Justice Has Never Been Blind

By Dr. Harold A. Black

blackh@knoxfocus.com

haroldblackphd.com

Brenda Russell’s “Against the Law” (see the video) brings back some unpleasant memories of growing up black in the segregated south. I knew of no one under the illusion that justice was blind. Justice was not impartial and objective. Blacks expected and received harsher punishment than whites. Whites controlled the police departments, the judges and juries. The question is why is justice still not blind?

We all know that there are racial disparities in the administration of “justice” but we must be careful not to use racial disparities as a proxy for discrimination. For example, confinement rates for blacks are greater than for whites. However, confinement rates are misleading if blacks commit more crimes than whites. If the crimes committed by blacks are more serious than those committed by whites, then black sentences should be harsher. So the question is one of ceteris paribus (all other things being equal). Discrimination occurs if blacks and whites who commit the same crime and have the same priors receive different treatment by law enforcement and by the courts. More specifically, the correct test would be to look at treatment by race within the same law enforcement unit, the same prosecutors and the same judge. If a jury trial is involved, then the same approximate jury. Of course that is not possible, so inference becomes important. Moreover, it would be important to see differences in enforcement, incarceration and sentencing when control of the government flips from white to black. It is obvious that in some areas now in the hands of “progressives” that their solution to disparate treatment is perverted. Rather than advocating for equal treatment, their solution has been to lessen the penalties of crimes committed by blacks. Not surprisingly, crimes have increased in cities with progressive DAs. Look at the explosion of car thefts and smash and grab crimes in San Francisco, Los Angeles and New York.

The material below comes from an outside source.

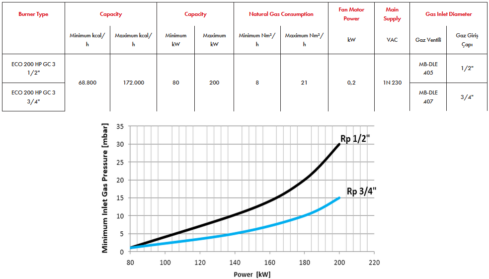 Modulating operation, Mechanical, pneumatic or electronic modulating control option, Natural gas and LPG fuel usage, Operating possibility of 300 mbar and 21 mbar gas pressure, Wide thermal capacity range according to heat demand, Supply gas pressure control with minimum gas pressure switch, Combustion air control with air pressure switch, Sliding flange for different boiler types, Working at low noise levels with light aluminum alloy body.
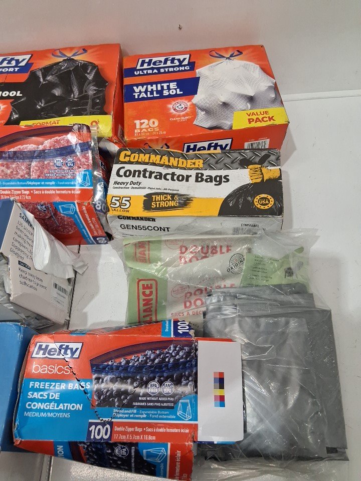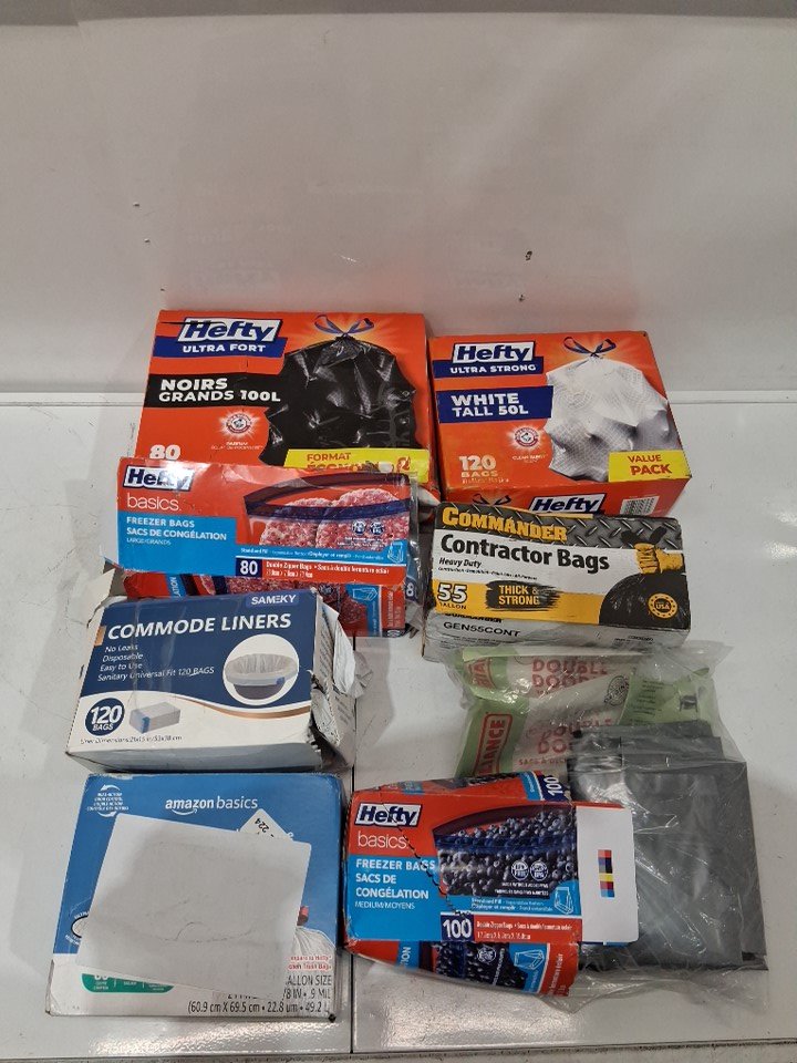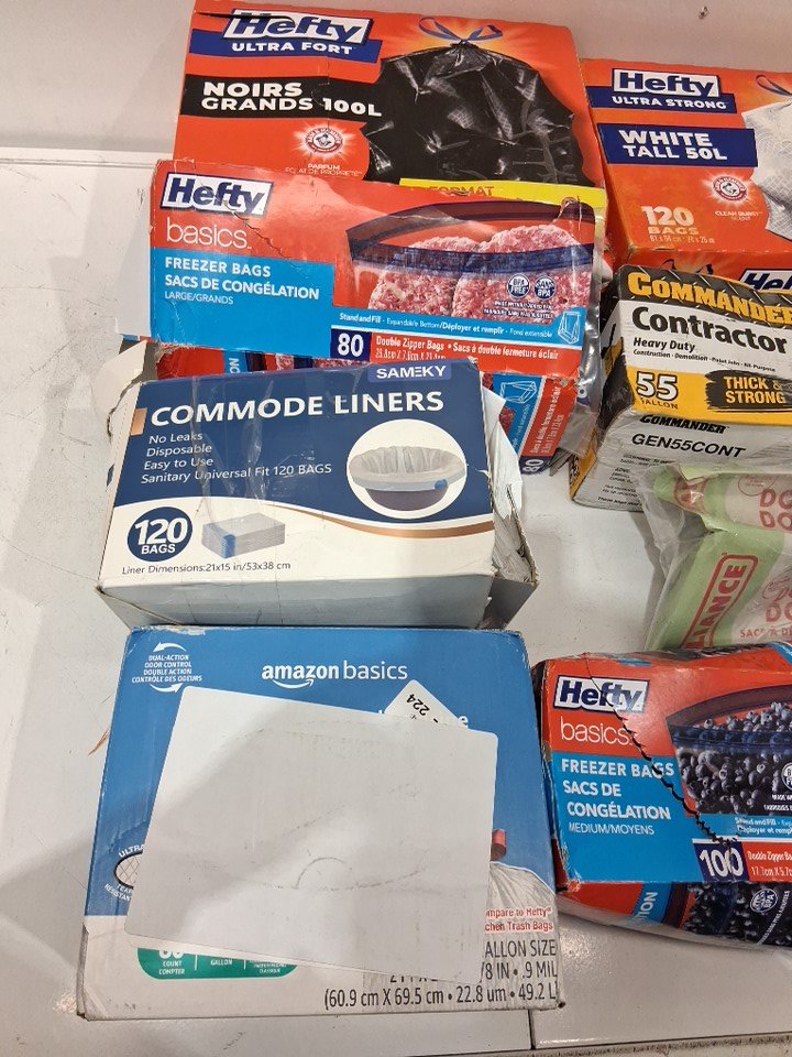 7+ *ASSORTED* trash garbage BAGS COMMODE LINERS FREEZER BAGS - HEFTY / AMAZON BASICS / COMMANDER - various sizes, scents and colours

Justice is not blind because all of its components are biased. All-white juries levy harsher punishment against blacks than whites. It was not long ago in the deep south that a white person who committed a crime against a black could expect no punishment – even in the case of murder – because the cops, judges and juries were all white. Thankfully, those times are gone. But the question remains: will the punishment today be the same for a black committing the same crime as a white? A lot depends on the juries. Each juror is biased even though the justice system assumes otherwise. However, jurors are not tested for implicit biasness. By the way, the most widely tests for implicit biases are fatally flawed and woefully unreliable.

Even the judges who administer the law are biased. When a case goes before a federal judge, it is always reported who appointed the judge. Was it Trump or Biden or Bush or Obama? This is an acknowledgment that justice is not blind and the politics of the judge will determine the outcome. More often than not, Supreme Court decisions revolve around which president appointed the justices. If justice were blind, then the opinions of justices Brown and Sotomayor would be different than how they vote. That is, even if their examples of the benefits of an unconstitutional act were true, they still should have voted against the unlawful act given their supposed fealty to the Constitution.

We all know that Donald Trump will not receive a “fair” trial in New York, Washington, D.C., or Atlanta, GA. The DAs, grand juries and trial juries are all biased and hate Trump. In order to get a semblance of a fair trial, Trump’s lawyers should demand that the juries be split evenly among whites and blacks and Republicans and Democrats. A black and or a Democrat jury in those cities guarantees a guilty verdict. Trump juries with some Republicans would likely result in a hung jury and a jury of Trump supporters would find him not guilty – all hearing the same evidence.

Again, blacks have never thought that justice was blind. In fact, the term “justice” is itself a misnomer. I think that most whites have always felt the same way but since “justice” was tilted in their favor they didn’t object. However, the prosecutions of Donald Trump have changed all that. Citizens see now the uneven application of the law in our system of “justice”. The two-tiered justice system that has always been present in black America is now front and center. The question is whether we are finally going to do something about it?